Caja de Ingenieros
- Company type: Cooperative bank
- Industry: Financial services
- Founded: 1967; 59 years ago
- Headquarters: Vía Layetana, 39, Barcelona, Catalonia, Spain
- Key people: Joan Cavallé (CEO)
- Products: Banking services
- Revenue: 7,771,000,000 euro (2020)
- Net income: 26,500,000 euro (2025)
- Number of employees: 512 (2021)
- Website: www.caixa-enginyers.com

= Caja de Ingenieros =

Caja de Ingenieros (Catalan: Caixa d'Enginyers) is a cooperative society for the savings and credit that has more than 145,000 members and developed a model of personal, commercial, institutional and business banking in the Spanish region focusing on the service for professionals, namely engineers and other professions.

== Overview ==
Founded in 1967, the distinctive feature of the Caja de Ingenieros cooperative model is that the partner is both client and owner of the entity.
Clients have to join one of two cooperatives: Usuarios de Caja de Ingenieros or Caja de Ingenieros.

Caja de Ingenieros acts as the parent company of the Caja de Ingenieros Group, which includes:
- Caja de Ingenieros Gestión (fund management company)
- Caixa de Ingenieros Vida y Pensiones (insurance, reinsurance and pension fund management company)
- Caja de Ingenieros Banca-Seguros (insurance operator)
- Caja de Ingenieros Foundation (CSR tool)
- Ingenium Shopping (consumer cooperative)
- Norbolsa (a company specializing in stock exchange brokerage and value-added financial services).

In February 2011 Caja de Ingenieros founded the Caja de Ingenieros Foundation with the purpose of promoting its corporate social responsibility activities. It is a private and non-profit institution that emerged from the transformation of the former Socio-Cultural and Technological Association of Engineers. The Foundation intends to optimize the efficiency of the resources for the promotion of engineering and activities of cultural, social, environmental, beneficial-assistance, professional and technological interest.

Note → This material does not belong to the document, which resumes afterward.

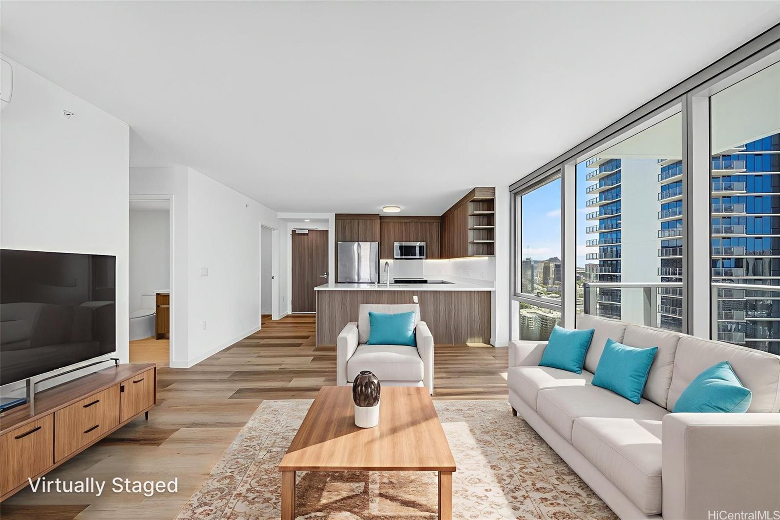 Welcome to The Park on Keeaumoku, Honolulu’s newest modern community near Ala Moana Center, world-class dining, and entertainment. This brand-new corner unit (2 bed / 2 bath / 2 parking) offers stunning ocean, city, and park views through floor-to-ceiling windows. Features include quartz countertops, luxury vinyl plank flooring, split A/C in every room, a walk-in closet, separate laundry room, and a private wraparound lanai. Enjoy resort-style amenities — infinity pool, spa, BBQ pavilions, theater, fitness & yoga studios, sauna, and stylish clubrooms. Experience modern island living at its finest in this spacious new home where luxury, convenience, and lifestyle meet.
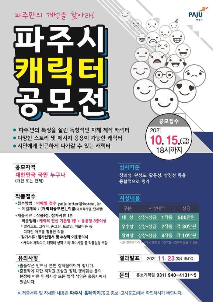 김이겸 홍보담당관은 “파주를 대표할 수 있는 개성 있는 캐릭터를 활용해 시민들에게 더욱 친근하게 다가가고 소통할 것”이라며 “많은 참여자들의 번뜩이는 재치와 아이디어를 기다린다”고 말했다.

The social help includes donation of 2 million euros for projects, 105 scholarships and prizes, educational courses for unemployed people, training for members, etc.

==Politics==
During the 2017–18 Spanish constitutional crisis, Caja de Ingenieros and Caixa Guissona were the only banks that did not relocate their nominal headquarters out of Catalonia. While its president Josep Oriol Sala claims to not get into politics, critics have pointed that Joan Vallvé i Ribera is both a member of the Foundation board and second vice-president of the Catalan association Òmnium Cultural, which supported several pro-independence demonstrations.